Without the images, output each record below as it stands.

::::::::

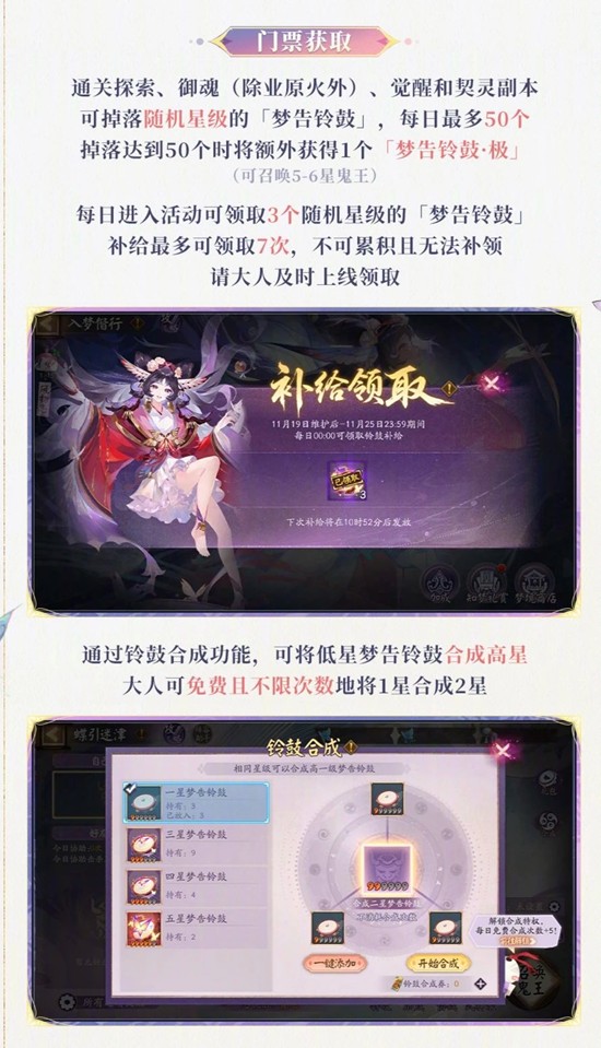 2、多元獲取門票夢告鈴鼓,通過副本掉落免費領取勾玉購買三種方式獲取,不同途徑有數量限制和特殊規則需提前知曉靈活安排。
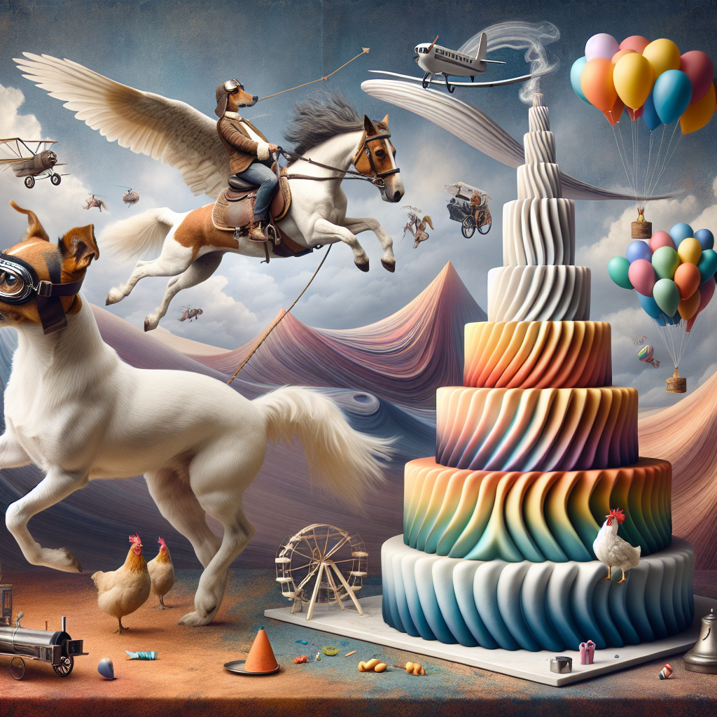 Create an image showcasing a whimsically surreal birthday tableau situated within an abstract landscape where gravity follows unusual rules. The scene includes a Jack Russell wearing aviator goggles, embarking on an imaginative journey atop a majestic horse which seems to be galloping through an ether awash with swirling colors. Also, portray a chicken whose feathers resemble balloons floating above them nonchalantly. The centerpiece of this dreamlike journey is an impossible cake, constructed step-pyramid style, where each layer represents a snapshot of beloved travel locations—an edible travel journey applauding the mastery of the improbable.
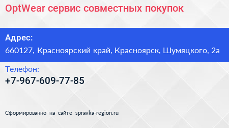 OptWear, сервис совместных покупок по адресу 660127, Красноярский край, Красноярск, Шумяцкого, 2а в дальнейшем Организация, размещена в следующих категориях:
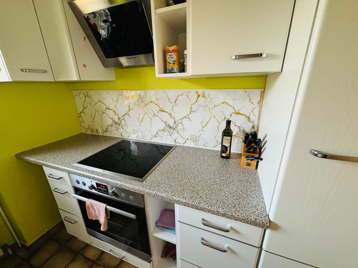 Lijepa mala dodatna stambena jedinica sa privatnim ulazom, malom kuhinjom sa trpezarijom i malim kupatilom sa tušem. Okolo je mnogo šuma i livada. Savršeno ako želite da dođete sa svojim četvoronožnim prijateljem, koji je uvek dobrodošao 🐕😉 Prelepe šetnje su moguće svuda okolo, čak i sa odredištima na kojima možete da se zadržite. Frankfurt je takođe udaljen 30 minuta. !!!Za majstore, zanatlije ili slično, stan NIJE dostupan!!!
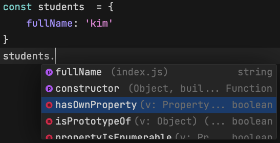 'students.' 이라고 입력하면, 본적없는 속성들이 IDE에 아래와 같이 나열되는 것을 볼 수 있습니다.
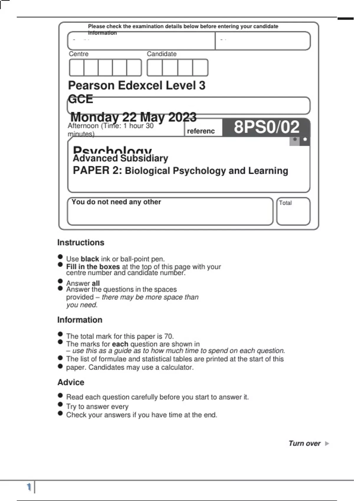 PAPER 2: Biological Psychology and Learning
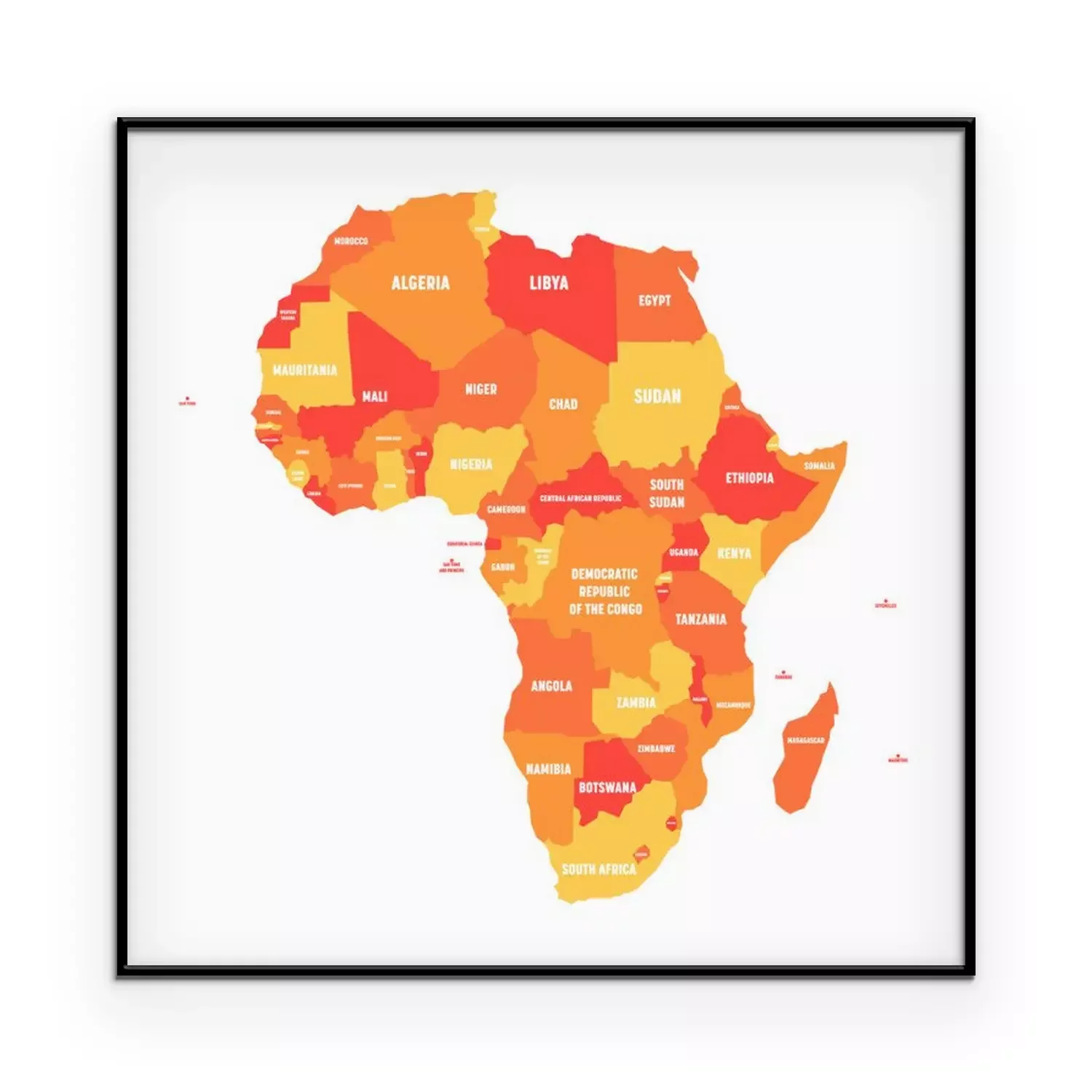 Poster: Kontinente orangefarbene Grafiken mit afrikanischen Ländern
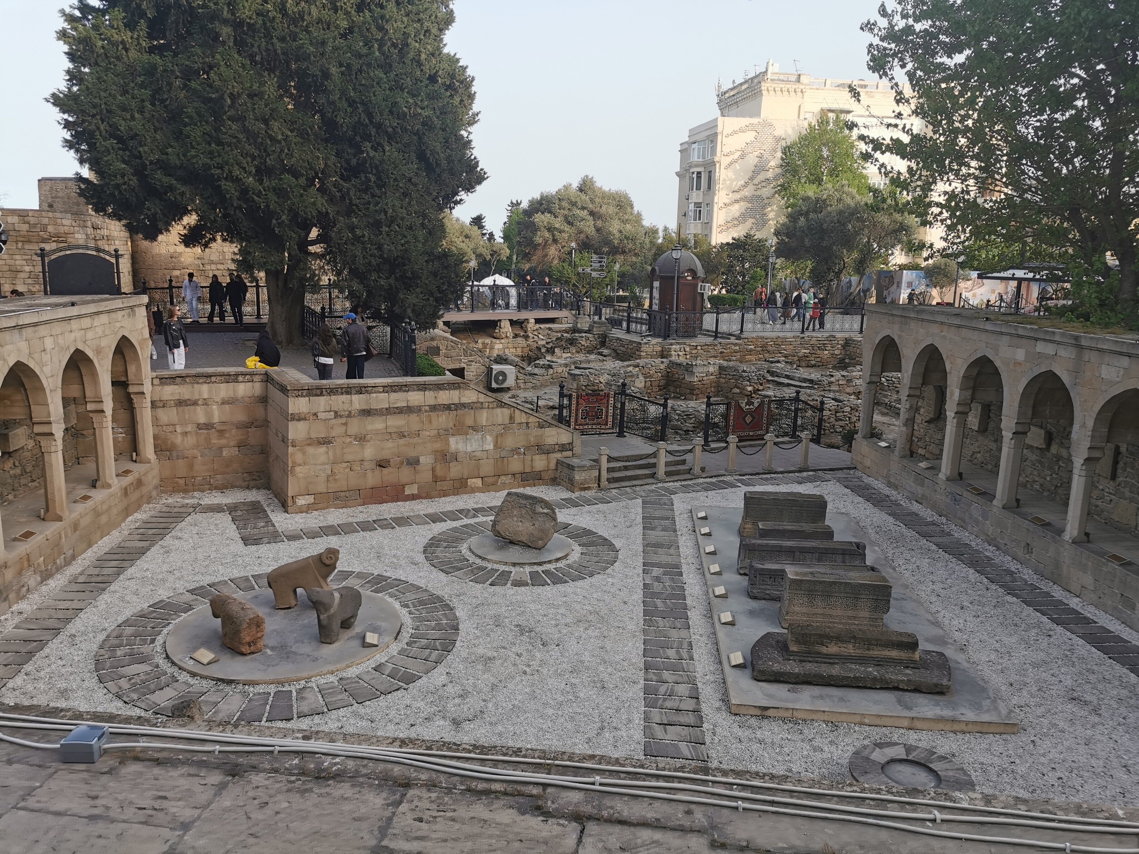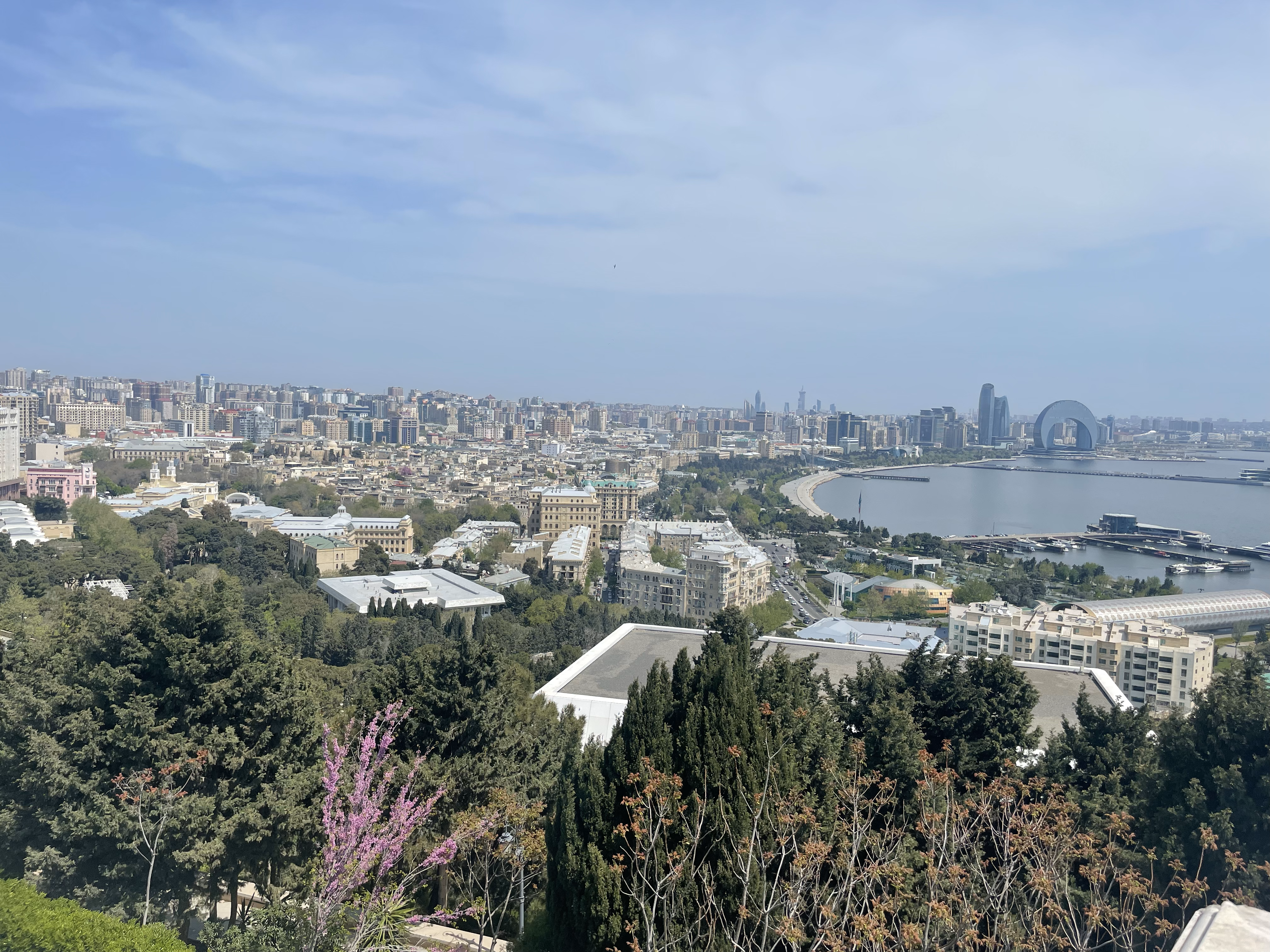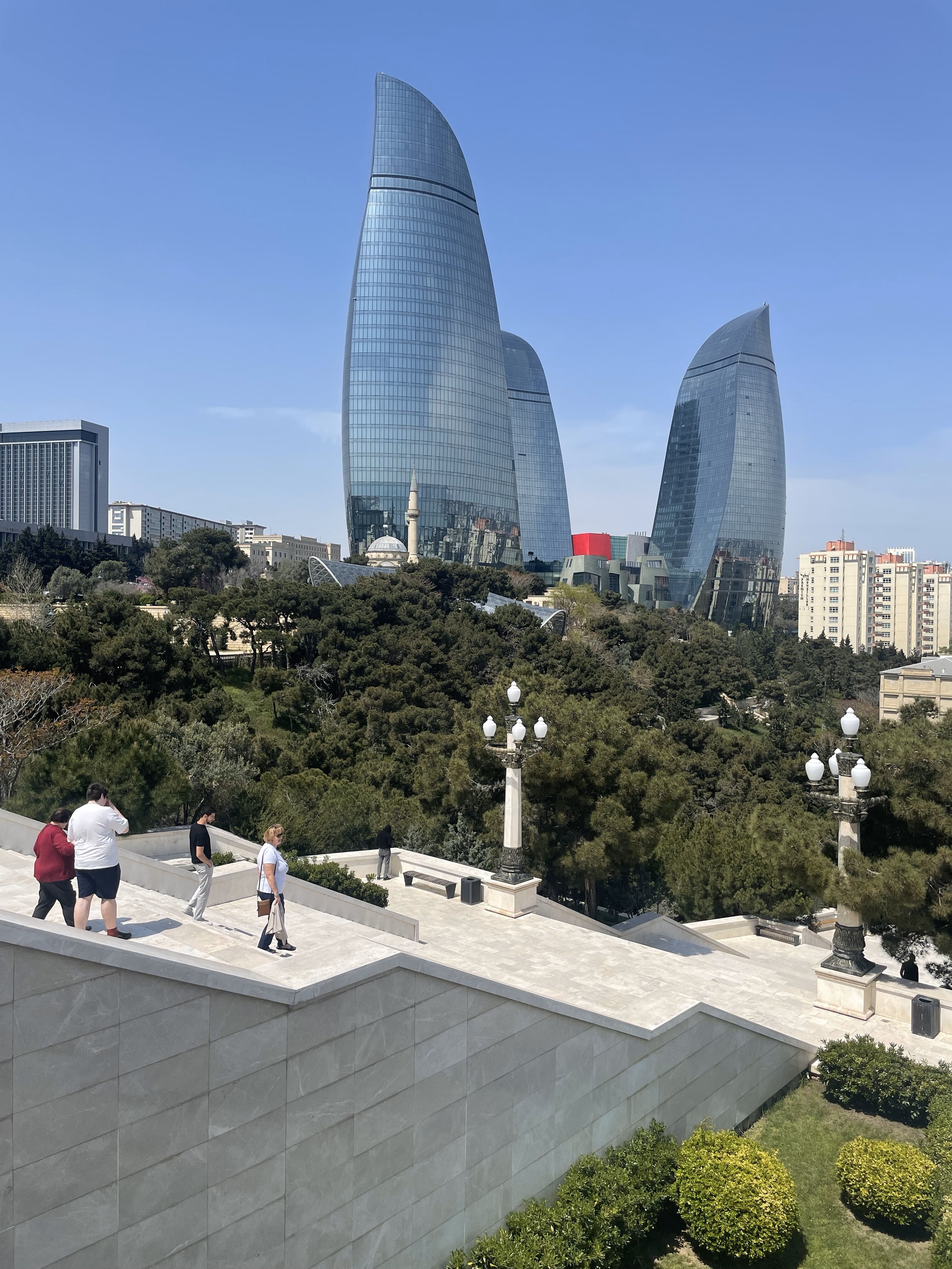 Spacerujemy nadmorskim bulwarem, mijając futurystyczny budynek Muzeum Dywanów, którego forma przypomina zwinięty dywan. Tuż obok zatrzymujemy się przy tzw. Małej Wenecji – miniaturowym kompleksie kanałów i mostków, gdzie można popłynąć gondolą w azerskim wydaniu. Następnie wjeżdżamy kolejką na Wzgórze Męczenników, skąd rozciąga się piękna panorama miasta i zatoki.

::::::::

**EXERCISE SOLUTION**.
 2、多元獲取門票夢告鈴鼓,通過副本掉落免費領取勾玉購買三種方式獲取,不同途徑有數量限制和特殊規則需提前知曉靈活安排。
 Create an image showcasing a whimsically surreal birthday tableau situated within an abstract landscape where gravity follows unusual rules. The scene includes a Jack Russell wearing aviator goggles, embarking on an imaginative journey atop a majestic horse which seems to be galloping through an ether awash with swirling colors. Also, portray a chicken whose feathers resemble balloons floating above them nonchalantly. The centerpiece of this dreamlike journey is an impossible cake, constructed step-pyramid style, where each layer represents a snapshot of beloved travel locations—an edible travel journey applauding the mastery of the improbable.
 OptWear, сервис совместных покупок по адресу 660127, Красноярский край, Красноярск, Шумяцкого, 2а в дальнейшем Организация, размещена в следующих категориях:
 Lijepa mala dodatna stambena jedinica sa privatnim ulazom, malom kuhinjom sa trpezarijom i malim kupatilom sa tušem. Okolo je mnogo šuma i livada. Savršeno ako želite da dođete sa svojim četvoronožnim prijateljem, koji je uvek dobrodošao 🐕😉 Prelepe šetnje su moguće svuda okolo, čak i sa odredištima na kojima možete da se zadržite. Frankfurt je takođe udaljen 30 minuta. !!!Za majstore, zanatlije ili slično, stan NIJE dostupan!!!
 'students.' 이라고 입력하면, 본적없는 속성들이 IDE에 아래와 같이 나열되는 것을 볼 수 있습니다.
 PAPER 2: Biological Psychology and Learning
 Poster: Kontinente orangefarbene Grafiken mit afrikanischen Ländern
 Spacerujemy nadmorskim bulwarem, mijając futurystyczny budynek Muzeum Dywanów, którego forma przypomina zwinięty dywan. Tuż obok zatrzymujemy się przy tzw. Małej Wenecji – miniaturowym kompleksie kanałów i mostków, gdzie można popłynąć gondolą w azerskim wydaniu. Następnie wjeżdżamy kolejką na Wzgórze Męczenników, skąd rozciąga się piękna panorama miasta i zatoki.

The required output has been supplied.